Jetzt sollten Sie eine profunde Bestandsaufnahme gemacht und vielleicht auch verschriftlicht haben. Wenn Sie Veränderungsbedarf festgestellt haben, dann ist auch jetzt noch nicht die Kündigung der nächste Schritt, sondern die Frage: Was kann ich ändern und wie? Ein Jobwechsel ist nicht die einzige Option, die Sie haben. Vielleicht ist ein Sabbatical angesagt oder eine Reduktion der Arbeitszeit, um mehr Zeit für Familie oder Hobby zu haben? Sehen Sie Möglichkeiten, innerhalb des Unternehmens zu wechseln, vielleicht gar verbunden mit neuen Karriereperspektiven?

Falls diese Möglichkeiten infrage kommen, sollten Sie als Erstes den Kontakt zu Vorgesetzten oder sonstigen relevanten Stellen im Unternehmen suchen, zum Beispiel zum Betriebsrat oder zur Personalabteilung zur Beratung.

Aber wenn Veränderung im bestehenden Rahmen nicht möglich ist oder nicht Ihren in der Analyse festgestellten Bedürfnissen entspricht, dann sollten Sie sich nach einem neuen Arbeitsplatz umsehen.

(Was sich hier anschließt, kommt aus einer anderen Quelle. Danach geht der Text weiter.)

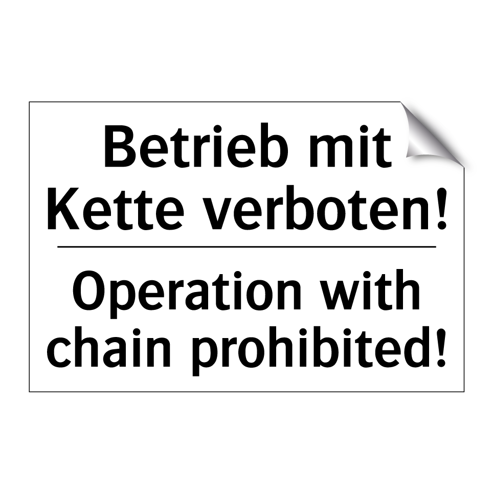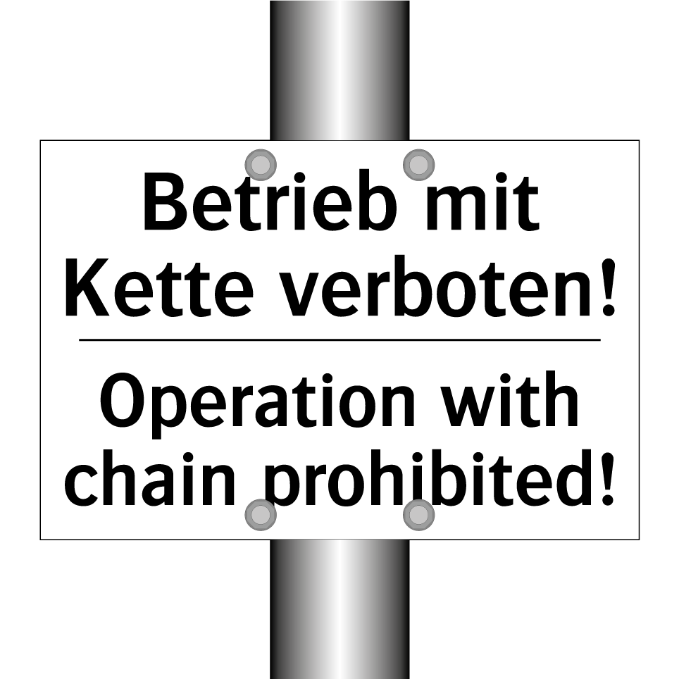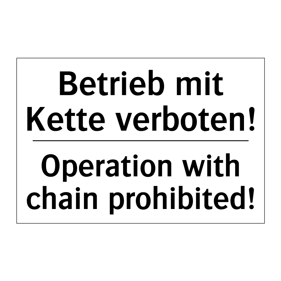 Zweisprachiges Verbotsschild mit deutschem Text Betrieb mit Kette verboten! und englischem Text Operation with chain prohibited!
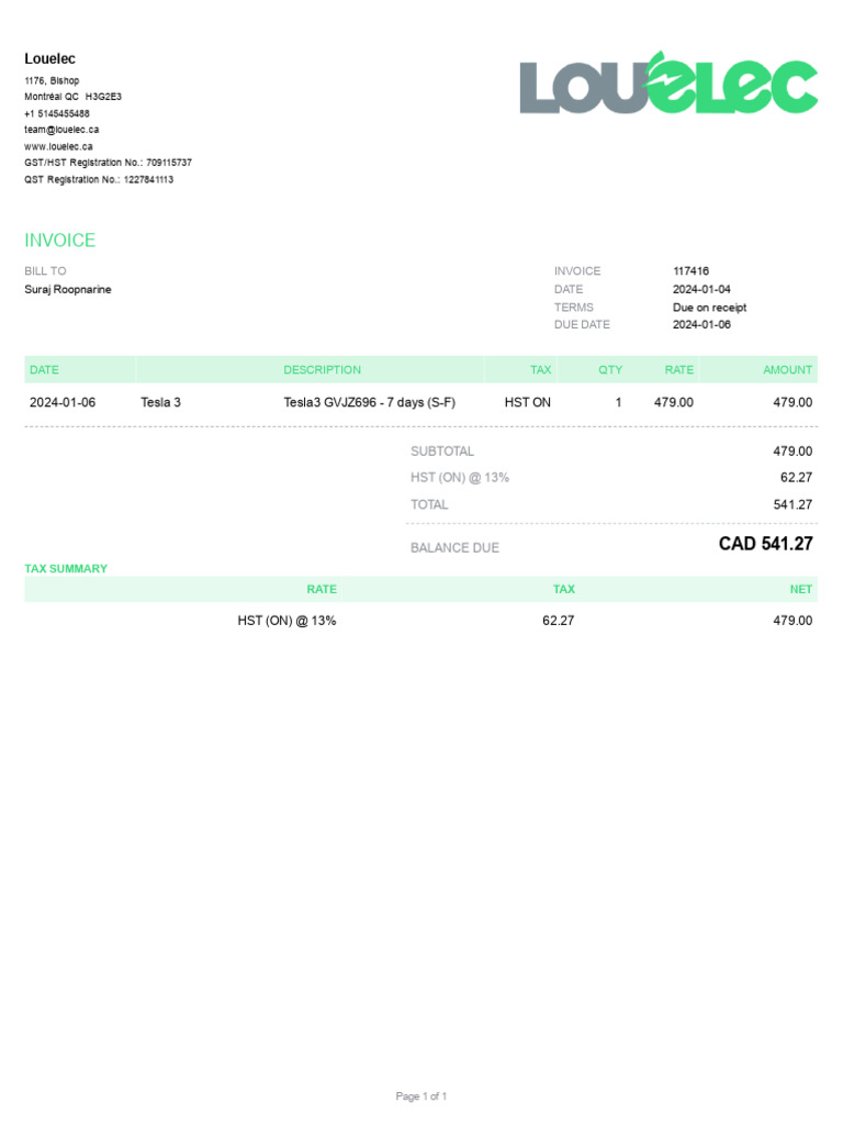Louelec Invoice for Tesla 3 Rental | PDF
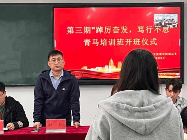 为深入学习习近平新时代中国特色社会主义思想和党的二十大精神,扎实推进青年马克思主义者培养工程,提高青年学生的理论素养和实践水平,培养勇于担当大任的新时代青年。人工智能与大数据学院于2023年3月20日12:15在主教1-1和1-2教室举行第三期“踔厉奋发,笃行不怠”青马培训班开班仪式。参会人员有人工智能与大数据学院党总支书记兼学管副院长尹钧,团总支书记王珊,太阳集团办公室主任孟鑫,团总支学生副书记段鹏飞、青马管理中心主任刘宇轩以及全体青马培训班学员。

Aktuell gilt gerade in den frühen Jahren einer Karriere das Durchlaufen verschiedener Stationen bei verschiedenen Unternehmen als Standard – und es stimmt ja auch: Wer immer mal eine neue Aufgabe annimmt, macht auch neue Erfahrungen. So wie Handwerksgesellen früher auf die Walz gingen.

Weniger ist manchmal mehr

Aber bedenken Sie: Wer in 40 Karrierejahren alle drei Jahre die Stelle wechselt, wird es auf 13 Berufsstationen bringen – das ist unsinnig. Eine Online-Befragung unter 2000 deutschen Beschäftigten im Jahr 2016 hat einen Durchschnitt von fünf verschiedenen Stellen in 40 Jahren gebracht, das wären acht Jahre bei einer Firma – das klingt schon realistischer und gesünder. Ideal: als Berufseinsteiger öfter mal wechseln, aber nur in gut begründeten Fällen allzu deutlich von der 3-Jahres-Empfehlung abweichen. In den mittleren und späten Jahren dann aber stärker auf Kontinuität setzen.